§ **Your assignment**: Print out the data below in full and exactly, skipping the pictures.

§ **Input data**:

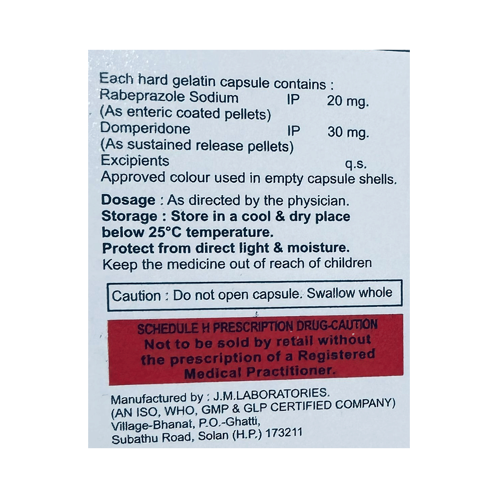 Salt Composition: Domperidone (30mg) + Rabeprazole (20mg)
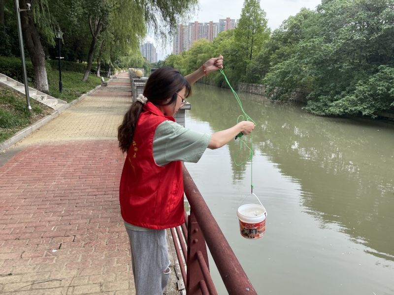 采水样。为探明目前湖塘河水质现状及雨水口排污对湖塘河的影响,团队成员将水质监测点从南到北均匀地布置在红旗桥、大庆桥、大囍桥及湖塘河枢纽处,通过分层采水器采集水样,利用便携式检测仪得到湖塘河中段pH和溶解氧,利用定量采样桶采集南甸苑、城中花苑、花东二村雨水管出口的水质样品。活动真正将课堂及校企“工学交替”等教学环节中所学的环境监测理论应用到实践活动任务当中,团队成员的实际操作技能得到了极大提升。
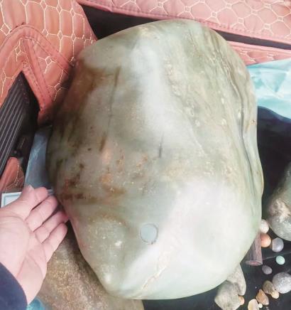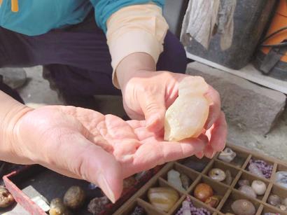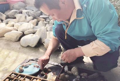 一走进倪晓明的家中,他就热情地向记者展示他收藏的大大小小、各种造型、各种材质的宝贝石头。只见院子里铺满了一块块大石头,每一块都很沉,轻的估计有五六斤,重的一二十斤。“这些都是籽料原石,从外表看似乎很普通,等我浇点水你再比较一下。”倪晓明说着,便端来一盆水,等水一浇上去,石头便立刻显出深浅不一的颜色来。他又拿出手电筒来照石头,给记者讲述石头里的各种道道,“这块石头是红石,这块切割开来可能有惊喜……”

§ **Task solution**:
 Salt Composition: Domperidone (30mg) + Rabeprazole (20mg)
 采水样。为探明目前湖塘河水质现状及雨水口排污对湖塘河的影响,团队成员将水质监测点从南到北均匀地布置在红旗桥、大庆桥、大囍桥及湖塘河枢纽处,通过分层采水器采集水样,利用便携式检测仪得到湖塘河中段pH和溶解氧,利用定量采样桶采集南甸苑、城中花苑、花东二村雨水管出口的水质样品。活动真正将课堂及校企“工学交替”等教学环节中所学的环境监测理论应用到实践活动任务当中,团队成员的实际操作技能得到了极大提升。
 一走进倪晓明的家中,他就热情地向记者展示他收藏的大大小小、各种造型、各种材质的宝贝石头。只见院子里铺满了一块块大石头,每一块都很沉,轻的估计有五六斤,重的一二十斤。“这些都是籽料原石,从外表看似乎很普通,等我浇点水你再比较一下。”倪晓明说着,便端来一盆水,等水一浇上去,石头便立刻显出深浅不一的颜色来。他又拿出手电筒来照石头,给记者讲述石头里的各种道道,“这块石头是红石,这块切割开来可能有惊喜……”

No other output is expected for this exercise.